Learning Truth in Lending's definitions of finance is an essential exercise for a compliance manager or auditor. When auditing disclosures for compliance it is essential to be able to recognize charges that are finance charges and then use that conclusion to test the accuracy of the calculations and disclosures.

The problem in this process is that the compliance auditor works with what is in the file. There are now a number of charges, such as those paid to lender-required third parties and mortgage brokers, that are finance charges. If the loan officer did not recognize these fees as finance charges, they may not appear in the file. In that case, your audit may not find them.

How can you be certain that all finance charges have been accurately captured? Sit down with several loan officers (one at a time) and ask them about the loan application process and all fees that might be paid by the customer.

Use your discussions with lenders to make a comprehensive list of all fees that may be charged to loan customers. Probe to find out about third party fees, including fees the customer may pay directly to third parties, and fees the customer may pay through the bank to third parties. Find out whether the bank ever retains a portion of a third party fee.

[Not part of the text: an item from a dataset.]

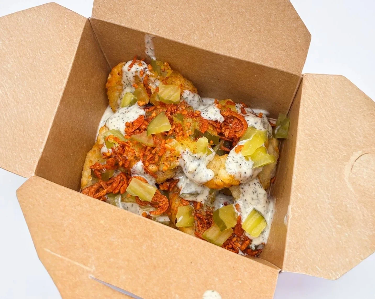 Crunch Fried Garlic and Onion, Chopped Pickles, House-Made Pickle Dipping Sauce, with Parmesan Cheese - loaded on Seasoned Tater Tots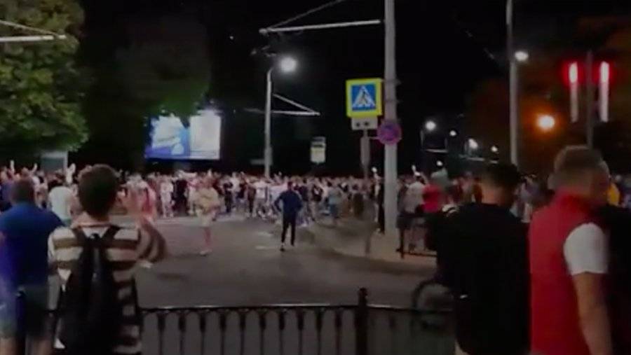 Сообщалось о столкновении протестующих с полицией, известно о ранении бойца внутренних войск Белоруссии. Поступают сообщения о том, что демонстранты забрасывают милицию горящими файерами.

When you have compiled the list, review it and place each fee into one of three categories: "Always a finance charge", "Never a finance charge", and "Finance charge if a condition is met."

Make a copy of the list for everyone in lending and use it as the basis for a brief course on finance charges. Then advise your lenders that they should review this list each time they close a loan as a control tool to be sure they have identified all finance charges.

When you audit, look for these charges. Also carefully review HUD-1s and HUD-1As to see how the charges are reflected.